Ekonom senior Dr. Rizal Ramli membantah keras jika Dwifungsi ABRI diberlakukan kembalinya. Pasalnya penghapusan Dwifungsi ABRI merupakan amanat reformasi dan komitmen pemerintah Presien Gus Dur.
"Belakangan ini ada yang mengusulkan Dwifungsi ABRI kembali. Saya mohon maaf pembubaran Dwifungsi ABRI adalah sesuatu tuntutan dari gerakan reformasi. Merupakan legacy dari Presiden Gus Dur," kata RR biasa disapa di kawasan Tebet, Jakarta, Senin (25/2).

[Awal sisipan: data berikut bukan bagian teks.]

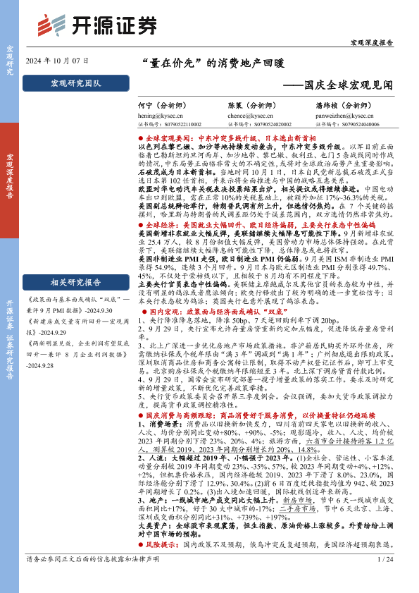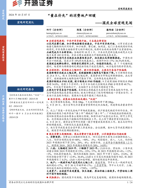 【开源证券】【20241007】国庆全球宏观见闻:“量在价先”的消费地产回暖-24页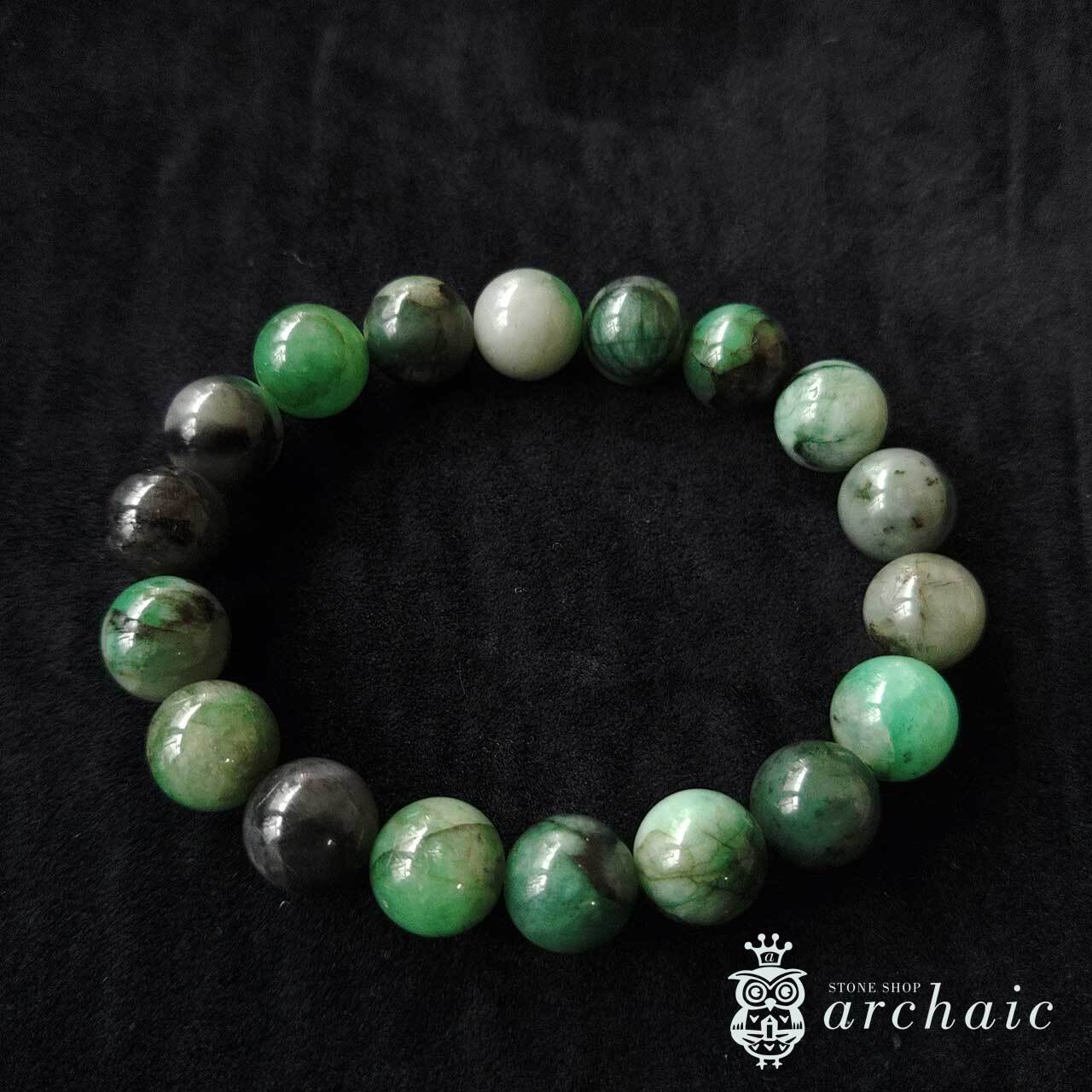 宝石とは見た目もきらめきも透明度も違いますが、濃い緑と黒の組み合わせが凛々しい、天然石ならではの表情豊かなブレスレットです。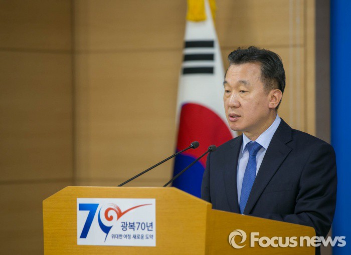 | △ 서울 세종대로 정부서울청사 3층 브리핑룸에서 정례 브리핑을 하고 있는 통일부 정준희 대변인. 정선식 기자 ss2chung@focus.kr |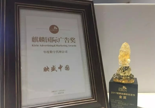 “2017麒麟奖国际创意节•麒麟奖•年度数字代理公司大奖”该奖项是组委会以及行业对映盛中国近一年来在数字营销领域的突出表现、及能够有效帮助客户在整合营销中取得优异成绩的肯定。

Dia melihat ada menteri era Gus Dur yang saat ini juga duduk di pemerintahan Jokowi dan kemudian mengusulkan adanya Dwifungsi ABRI kembali.
"Ini mau dihapuskan oleh orang yang juga menteri Gus Dur pada waktu itu. Kami katakan awas jangan sembarangan, jangan sok jago, sok kuasa ingin mengembalikan Dwifungsi ABRI," tegasnya.
RR menyebut putri Gus Dur, Alisa Wahid juga menentang keras jika Dwifungsi ABRI diberlakukan kembali. Menurut dia memang kesejahteraan TNI/Polri perlu ditingkatkan namun bukan lewat Dwifungsi ABRI.
"Tapi kami setuju gaji TNI/Polri rendah sekali, gaji pensiunan TNI/Polri itu sangat-sangat rendah, kami setuju jalan paling baik adalah memperbaiki gaji TNI/Polri, bukan dengan Dwifungsi ABRI," pungkas Menko Perekonomian era Gus Dur ini.